Previously Unrecognized Tsunami Hazard Identified in Coastal Cities
A new study found overlooked tsunami hazards related to undersea, near-shore strike-slip faults, especially for coastal cities adjacent to faults that traverse inland bays.
Several areas around the world may fall into this category, including the San Francisco Bay area, Izmit Bay in Turkey and the Gulf of Al-Aqaba in Egypt.
The study led by University of Illinois Urbana-Champaign civil and environmental engineering professor Ahmed Elbanna and professor Ares Rosakis of the California Institute of Technology used the Blue Waters supercomputer at the National Center for Supercomputing Applications to model tsunami hazards related to strike-slip faults around the globe. The results are published in the Proceedings of the National Academy of Sciences.
“Whenever we saw large tsunamis triggered by earthquakes along strike-slip faults, people assumed that perhaps the earthquake had caused an undersea landslide, displacing water that way,” Rosakis said.
The researchers said that a strike-slip fault exists when two blocks of rock on the fault line slide horizontally past one another. The San Andreas Fault is an example of a strike-slip fault.

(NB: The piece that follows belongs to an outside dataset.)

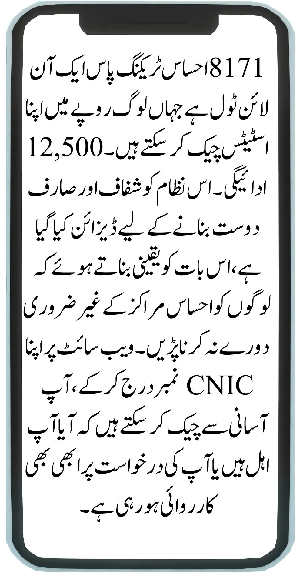 The Ehsaas Program is one of the largest social welfare programs in Pakistan. It provides financial help to families in need, giving them Rs. 12,500 to support their basic needs. To make it easy for people to check their eligibility and payment status, the government has introduced an online system called the Ehsaas Tracking Pass, which can be accessed through the 8171 portal. This helps people check their application without visiting an Ehsaas center, saving both time and effort.

In September 2018, a moderate 7.5 magnitude earthquake and unexpectedly powerful tsunami swept through Palu, a city situated on the inland side of Palu Bay on the Indonesian island of Sulawesi. The quake occurred along a northwest-southeast trending strike-slip fault that runs through the city and plunges below the bay along Palu’s northwest shore.
“It looked like a bulldozer had come in and leveled the town,” said co-author Costas Synolakis, the president of Athens College and a professor of civil engineering at the University of Southern California, who surveyed the area following the devastating event. “This is why it is so important that we try to understand what really happened.”